Aerobic decomposition of hydrocarbon contaminants in anaerobic groundwater would be enhanced by oxygenating the water. This was done by injecting oxygen microbubbles in the soil matrix packed in a 7 ft by 7 ft by 5 inches in width Vertical Slice Test Cell, VSTC, and in a 30-inch column, also packed with sand. Transfer of oxygen to water was monitored after injecting oxygen microbubbles.

Compared to sparged air and hydrogen peroxide injections documented in the literature to have transferred less than 2 percent oxygen to water, oxygen microbubbles transferred over 40 percent oxygen to the flowing groundwater. Also, after injection of microbubbles gas retentions over 70 percent were achieved. Oxygen Transfer Coefficients, KLa(s), were higher in layered soil in VSTC compared to non-layered soil when the same amounts of microbubbles were injected in the cell. The effect of cell layering, quality, stability, and the amount of microbubbles injections on transfer efficiency and gas holdup was studied.

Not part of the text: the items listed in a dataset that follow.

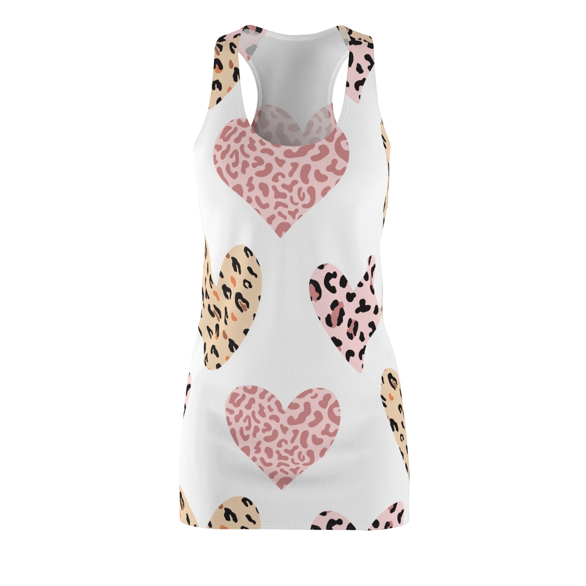 Herz Leopard Racerback Kleid – Weiß Pink Sommerkleid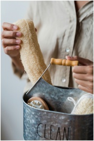 Close-up shot of a person holding a loofah sponge with personal care products, focusing on hygiene.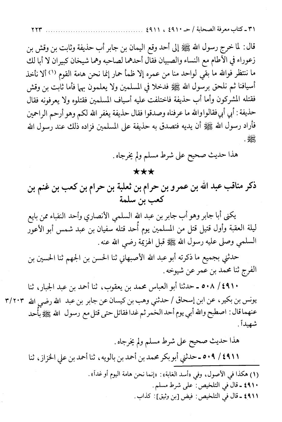 §ذِكْرُ مَنَاقِبِ عَبْدِ اللَّهِ بْنِ عَمْرِو بْنِ حَرَامِ بْنِ ثَعْلَبَةَ بْنِ حَرَامِ بْنِ كَعْبِ بْنِ غَنْمِ بْنِ كَعْبِ بْنِ سَلَمَةَ «يُكَنَّى أَبَا جَابِرٍ، وَهُوَ أَبُ جَابِرِ بْنِ عَبْدِ اللَّهِ السُّلَمِيِّ الْأَنْصَارِيِّ وَأَحَدُ النُّقَبَاءِ مِمَّنْ بَايَعَ لَيْلَةَ الْعَقَبَةِ، وَأَوَّلُ قَتِيلٍ قُتِلَ مِنَ الْمُسْلِمِينَ يَوْمَ أُحُدٍ، قَتَلَهُ سُفْيَانُ بْنُ عَبْدِ شَمْسٍ أَبُو الْأَعْوَرِ السُّلَمِيُّ، وَصَلَّى عَلَيْهِ رَسُولُ اللَّهِ صَلَّى اللهُ عَلَيْهِ وَسَلَّمَ قَبْلَ الْهَزِيمَةِ رَضِيَ اللَّهُ عَنْهُ، حَدَّثَنِي بِجَمِيعِ مَا ذَكَرْتُهُ أَبُو عَبْدِ اللَّهِ الْأَصْبَهَانِيُّ، ثنا الْحَسَنُ بْنُ الْجَهْمِ، ثنا الْحُسَيْنُ بْنُ الْفَرَجِ، ثنا مُحَمَّدُ بْنُ عُمَرَ عَنْ شُيُوخِهِ»

It was concluded that high initial gas holdups, KLa values oxygen transfer per time and percent oxygen transferred were important parameters in maintaining a sustained oxygen transfer zone. These experiments demonstrated that only one of these parameters can be at a maximum, say, a high percent oxygen transfer or a high percent initial retention or a high KLa value. However, a maximum value for one parameter is usually at the expense of the other two being low. The optimum values for these parameters would be dictated by the biochemical, sediment, and chemical oxygen demands placed on the oxygen transfer system.